Memory Consistency Constraints

Handling the Constraints using Sorting Technique

For an array of execution traces \(tr=(addr_i,t_i,op_i,val_i)_{i=1}^n\), one known method to prove the correctness of \(tr\) is to use the sorting technique, which can be found in [FKLO0W21]. At a high level, we create a new array \(tr'\), which is a sorted version of \(tr\). The elements of \(tr'\) are sorted in increasing order by its address, then time log. We prove that the elements of \(tr'\) satisfy some specified constraints, then prove that \(tr\) and \(tr'\) are permutations of each other.

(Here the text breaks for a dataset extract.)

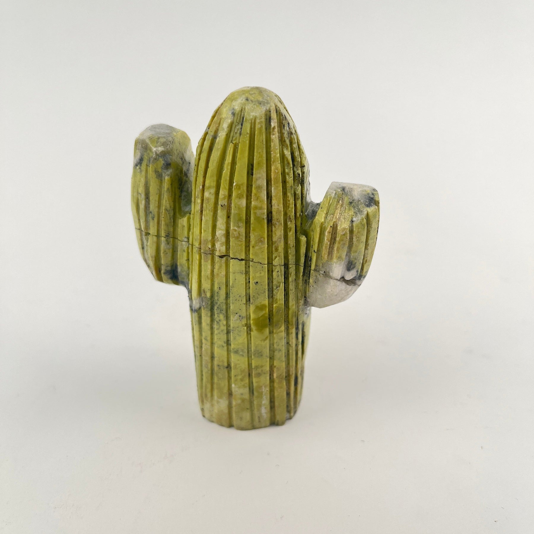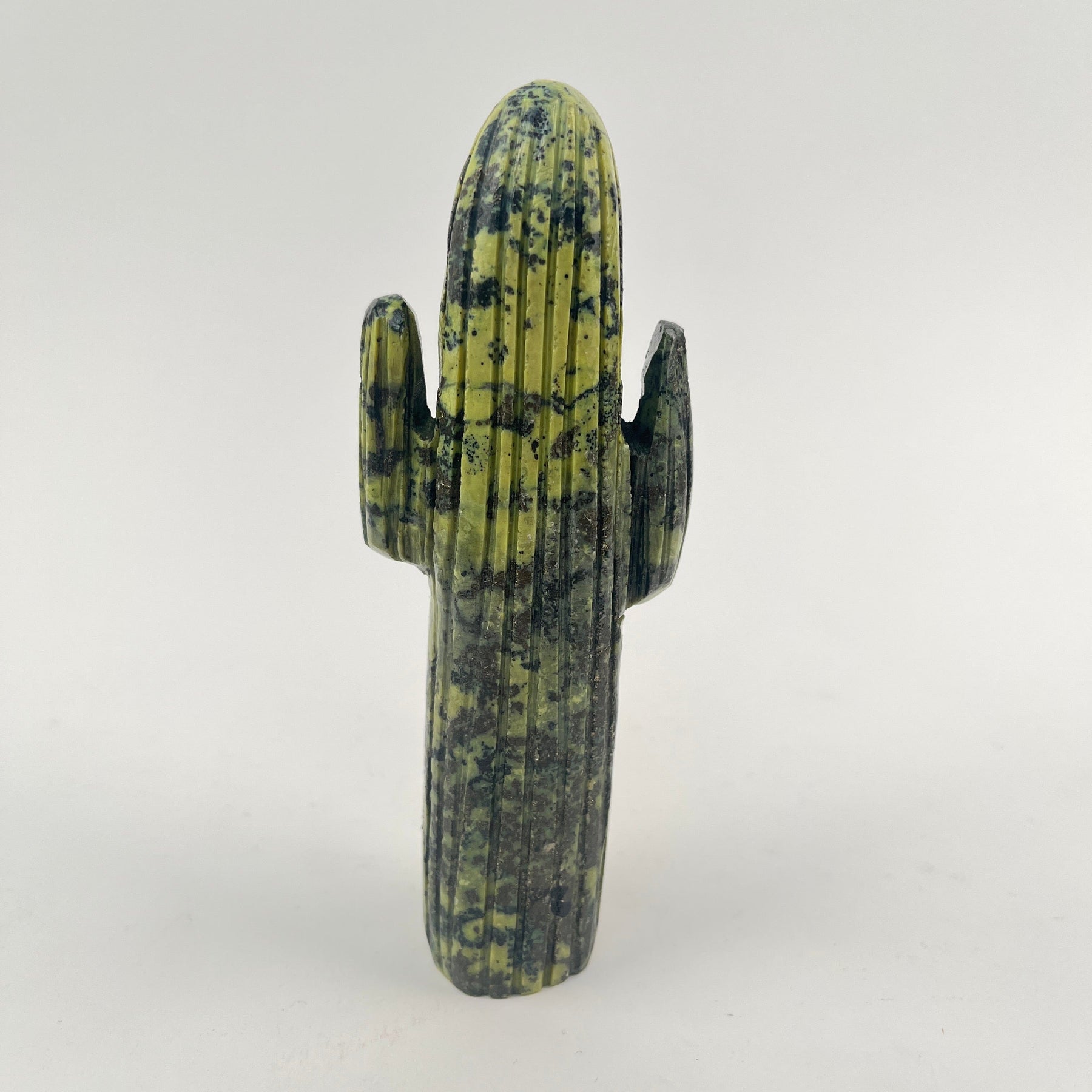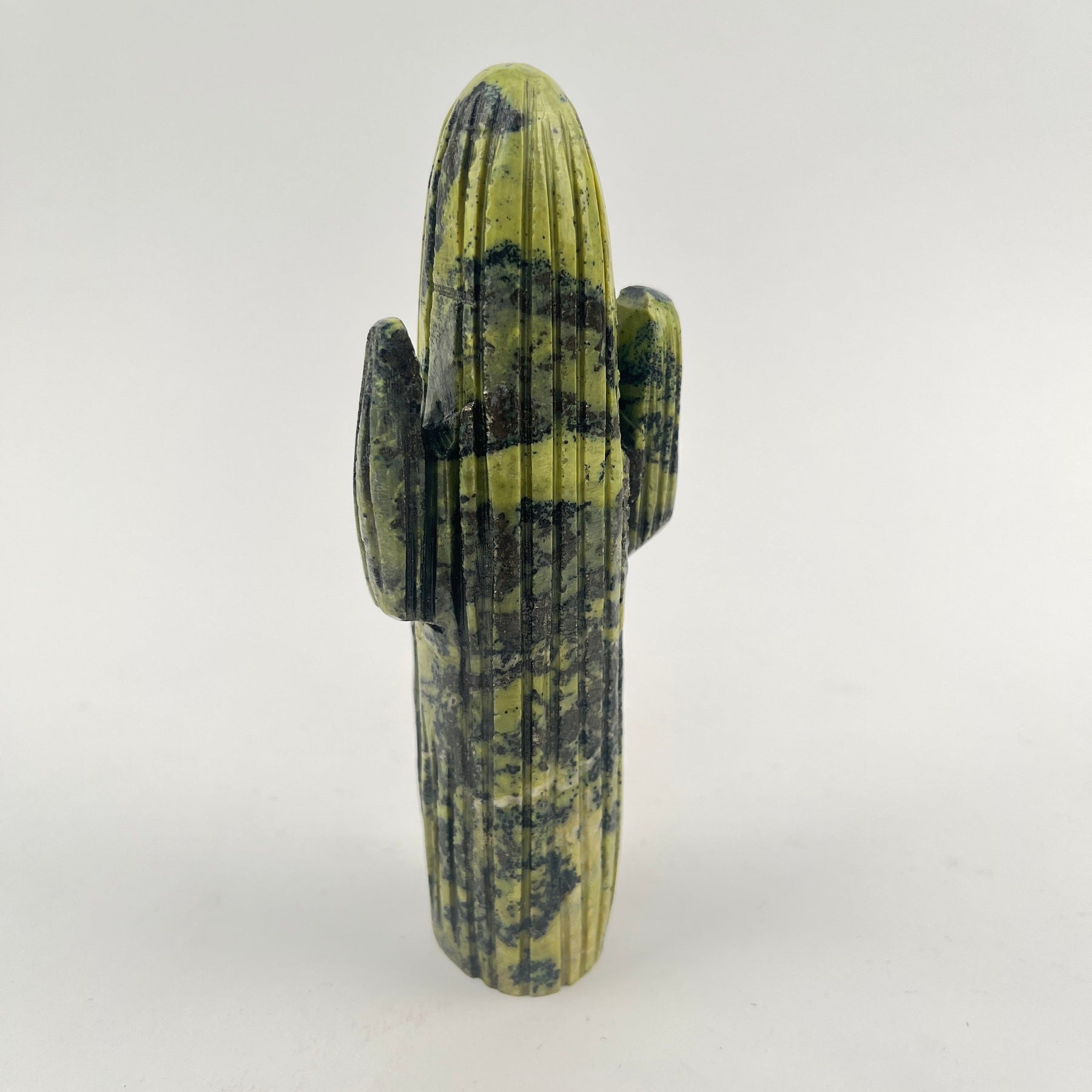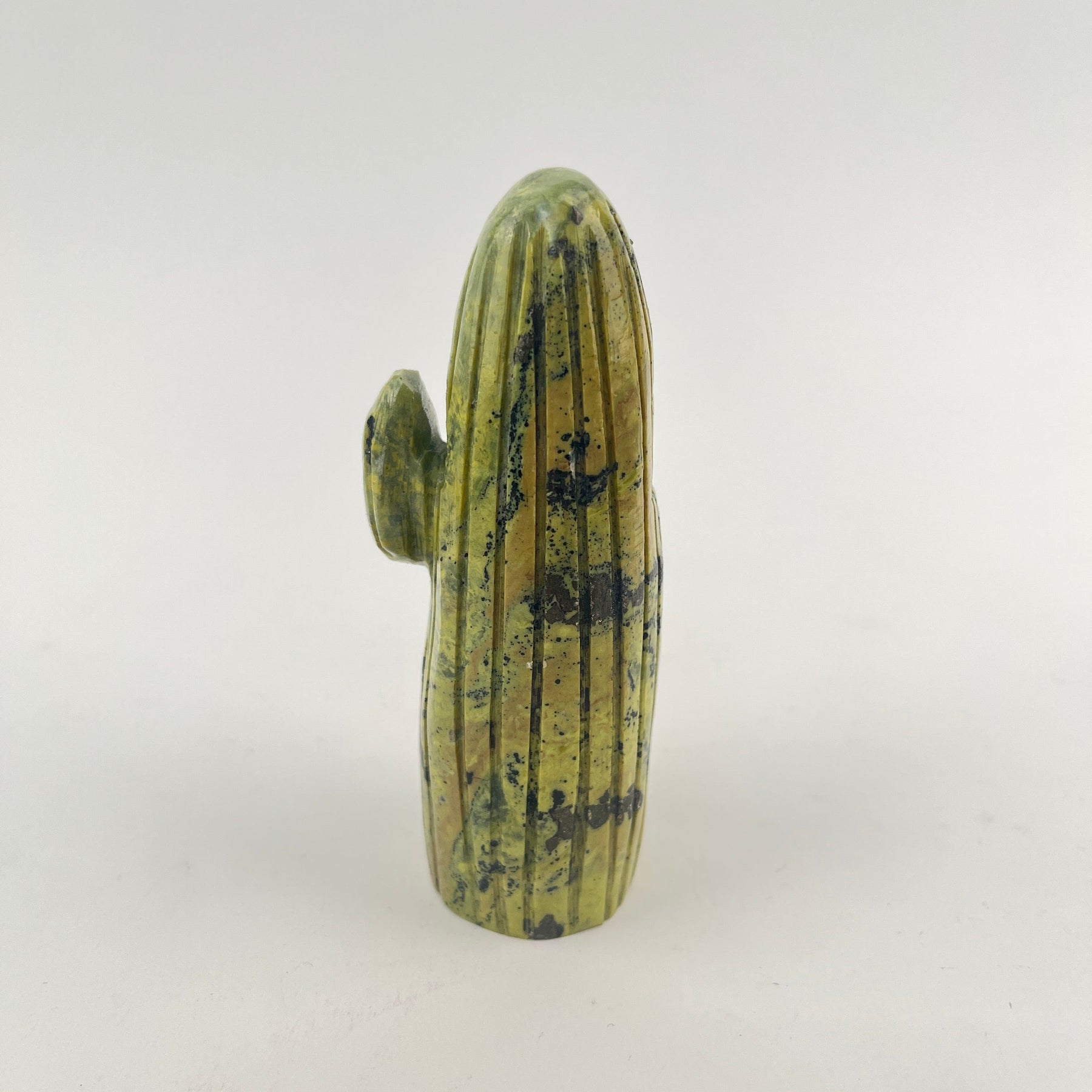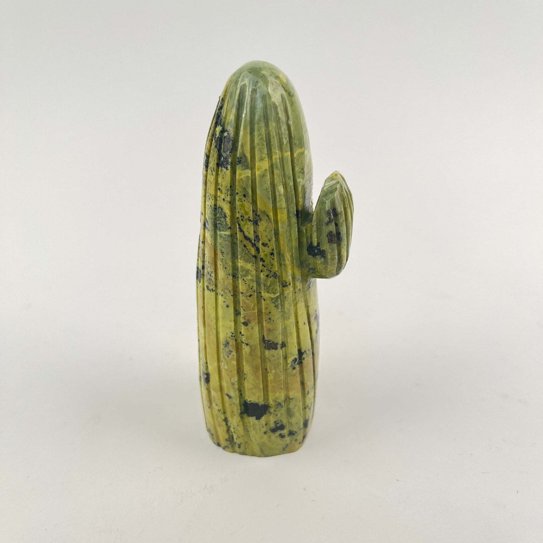 Serpentine Crystal Cactus is crafted from genuine Serpentine, this unique gemstone carving features rich green tones with natural marbling and organic variations that make every piece one of a kind.

First, let us delve into the details of the constraints in \(tr'\). The constraints are as follows:

$$ \begin{cases} time_i \lt time_{i+1}, \\ (op_{i+1}=1) \lor (addr_i'=addr_{i+1}'), \\ (addr_i' \lt addr_{i+1}' ) \lor ((addr_i'= addr_{i+1}') \land (time_i' \lt time_{i+1}')),\\ (op_{i+1}=1) \lor (val_i'=val_{i+1}') \lor (addr_{i}' \neq addr_{i+1}').\\ \end{cases} $$

Let us explain the above constraints: Recall that in memory consistency, we simply need to prove that, for each memory cell, the value of the current step is equal to the value in the last step it was written. With this idea, we could sort the trace by their address first, then time and check them via the constraint \((addr_i' \lt addr_{i+1}' ) \lor ((addr_i'= addr_{i+1}') \land (time_i' \le time_{i+1}'))\). In this way, we can divide the array into consecutive ''blocks'' where each block contains the traces with the same address. In each block and each trace of it, we consider the time when the value is written (determined by \(val\) and \(op\)). We see that, if the value is written in the current step (\(op=1\)), then there is nothing to consider because we are writing a new value. Otherwise (\(op=0\)) meaning that we are reading from the cell, then the value \(val\) must be equal to the value of the previous trace in the block, and this can be captured by the constraint \( (op_{i+1}=1) \lor (val_i'=val_{i+1}') \lor (addr_{i}' \neq addr_{i+1}').\). Moreover, we need to ensure that the first time we access a memory cell, then the operation must be WRITE, which can be constrained by \( (op_{i+1}=1) \lor (addr_i'=addr_{i+1}')\), meaning that in every first trace in each block, the opcode of the trace must be \(1\). Finally, we need the original array to be sorted in ascending time, which can be captured via the constraint \( time_i \le time_{i+1}\). Thus, these constraints together are sufficient to check the consistency of the memory.

Integrating Halo2

In this Section, we give a brief overview of handling constraints using Halo2. For readers who are new to Halo2, we refer to halo2. With the execution trace, we define our witness table where each row has the following config:

$$(addr,time,op,val,addr',dif,inv,time',op',val')$$

and the constraints (each must be equal to \(0\)) are rewritten in Halo2 as follows:

$$ \begin{cases} C(time_i,time_{i+1})=0, \\ (op_{i+1}-1)\cdot (addr_{i}'-addr_{i+1}')=0, \\ C(addr_{i}'||time_{i}',addr_{i+1}'||time_{i+1}')=0, \\ (op_{i+1}'-1)\cdot (val_{i+1}'-val_i') \cdot ((addr_{i+1}'-addr_{i}') \cdot inv_{i+1} -1)=0. \\ \end{cases} $$

In the constraints above, we denote \(C\) to be the expression such that \(C(a,b)=0\) iff \(a \lt b\). The idea for construction this expression can be found in here. At a high level, we parse \(a\) and \(b\) into \(256\)-bit chunks \((a_i)\) and \((b_i)\) for \(i=\{1,2\dots,32\}\) and look for the smallest \(j\) such that \(a_j \neq b_j\). Hence, it is equivalent to prove that \((b_j-a_j) \in \{1,\dots,255\}\) and \(a_i=b_i\) for all \(1\leq i \leq j-1\). With this, the expression \(C\) can be written in high level as \(C=\mathsf{lookup}(b_j-a_j,\{1,\dots,255\})+\beta \cdot (\sum_{i=1}^{j-1}(b_i-a_i)\cdot \alpha^i )\) where \(\alpha ,\beta\) are random challenges generated by verifier, and \(\mathsf{lookup}(c,\{1,\dots,255\})\) is an expression that returns \(0\) if and only if \(c \in \{1,2\dots, 255\}\). Note that by Schwartz-Zippel lemma, we can see that if \(a \geq b\), then the expression \(C\) above does not return \(0\) with overwhelming probability. In addition, for proving that \(tr\) and \(tr'\) are permutation of each other, we simply use the shuffle API from here

Finally, with the constraints above, we could support proving memory consistency using Halo2. Our implementation for this can be found here.